Однако уже тогда «революционный» генерал прятал под бархатистой лапой когти узурпатора и поработителя. Для «либерализма» Наполеона того времени характерны два пункта его мирного договора с пьемонтским королем Виктором Амедеем. Один из них провозглашал «полную амнистию политических заключенных», а второй обязывал того же сардинского короля выдавать полиции Наполеона всех преследуемых ею лиц, если они укроются в сардинских владениях. Свобода в глазах будущего императора была понятием весьма условным. И он сам нисколько не скрывал этого, хотя внешне всячески старался поддерживать в народе репутацию «освободителя». «Вы мало знаете этот народишко, — писал он из Италии Талейрану. — Из ваших писем я вижу, что вы продолжаете по-прежнему придерживаться ложных суждений. Вы думаете, что свобода в состоянии сделать что-нибудь порядочное из этих обабившихся, суеверных, трусливых и гнусных людей. Не могу же я основываться на «любви народов к свободе и равенству»: все эти фразы хороши только в прокламациях и речах, то есть в баснях».

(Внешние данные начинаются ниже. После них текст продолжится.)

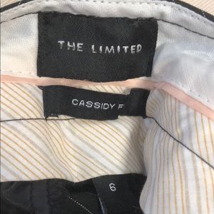Pants with white pinstripes. Accented with 3 buttons in the front pocket area. The Limited, Cassidy Fit
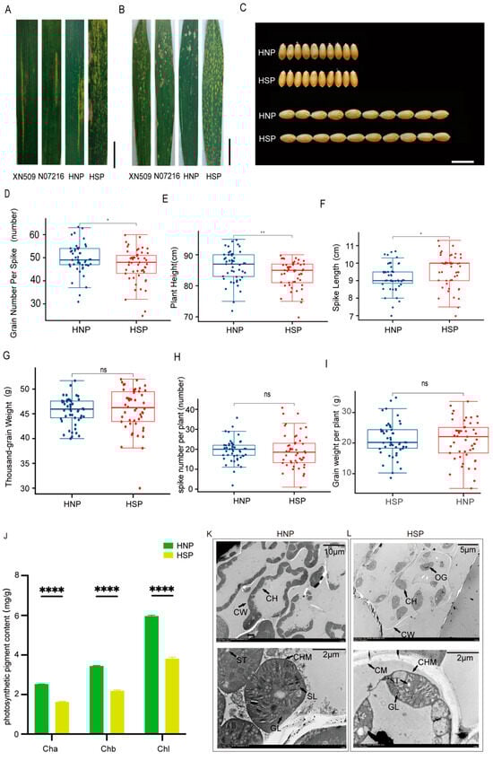 Evaluation of disease resistance, agronomic traits, and photosynthesis-related indicators between HNP and HSP. (A) The evaluation of stripe rust resistance for XN509, N07216, HNP, and HSP at field. Scale bar, 3 cm (B) The evaluation of powdery mildew resistance for XN509, N07216, HNP, and HSP at field. Scale bar, 4 cm. (C) Grain Width (GW) and Grain Length (GL) between HNP and HSP. Scale bar, 1 cm. (D) Mean grain number per spike between HNP and HSP. (E) Mean plant height between HNP and HSP. (F) Mean spike length between HNP and HSP. (G) Mean thousand-grain weight between HNP and HSP. (H) Mean spike number per plant between HNP and HSP. (I) Mean grain weight per plant between HNP and HSP. ns, p > 0.05; *, p < 0.05; **, p < 0.01; ****, p < 0.0001. (J) The photosynthetic pigment contents of HNP and HSP at flowering stage. Ch a: chlorophyll a; Ch b: chlorophyll b; Chl: chlorophyll, Error bars means + SD. The leaf cell structure and chloroplast structure of HNP (K) and HSP. (L) CH: chloroplast; CW: cell wall; CM: cytomembrane; CHM: Chloroplast membrane; ST: starch grain; SL: stroma lamella; GL: grana lamella; OG: osmiophilic globule.

Наполеоновские реформы в Италии не разрешили назревших экономических вопросов. Страна продолжала оставаться расчлененной на ряд самостоятельных государств; огромные военные контрибуции, достигавшие десятков миллионов франков, платили эти государства Наполеону; привилегии для французского сбыта подрывали основы итальянской торговли; крестьянские массы фактически не получили земли, которая после секуляризации церковных угодий распродавалась тем же дворянам, буржуазии и зажиточной деревенской верхушке. Конституции учрежденных Наполеоном республик являлись только клочками бумаги; фактически эти республики уже тогда постепенно превращались во французские провинции. Подлинную внутреннюю сущность наполеоновских войн прекрасно характеризует Энгельс (он говорит о наполеоновском походе в Испанию, но эти же слова могут быть полностью отнесены к Италии): «За иностранной армией — Наполеон, мнимый представитель буржуазной революции, в действительности же деспот внутри своей страны, завоеватель по отношению к соседним народам» [2] .
2
К. Маркс и Ф. Энгельс.Соч., т. XVI, ч. 2, стр. 404.

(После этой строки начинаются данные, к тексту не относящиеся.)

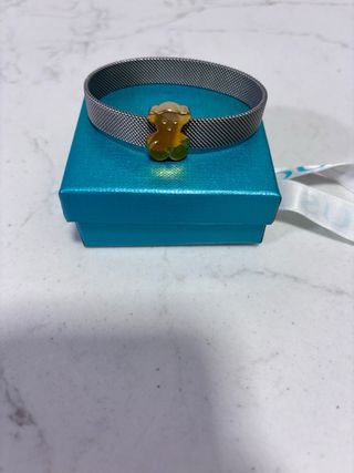 Pulsera de la marca Tous con diseño de malla en acero y cuerre de oso en oro. - Pulsera de malla. - cierre de oso. - Materiales: Acero y oro.
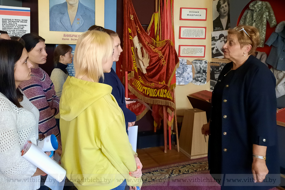 Напутствовали молодежь швея цеха № 4 Марина Антушевич, занесенная в преддверии Дня работников легкой промышленности на Доску почета Октябрьского района нашего города, и начальник экспериментального цеха Светлана Вичева, работающая на предприятии более 30 лет.

Таким образом, реформы, проведенные в итальянских государствах в период первого наполеоновского похода, являлись заслугой не лично Наполеона, а Французской буржуазной революции, поставившей уничтожение феодализма в порядок дня европейской истории.
В эти медовые месяцы своего «раскрепощения» итальянская буржуазия ликовала, опьяняясь республиканской фразеологией генерала Бонапарта. Итальянские либералы не подозревали, что надменный покоритель Италии уже тогда видел в своем воображении грядущую мировую наполеоновскую империю и «железную корону Ломбардии».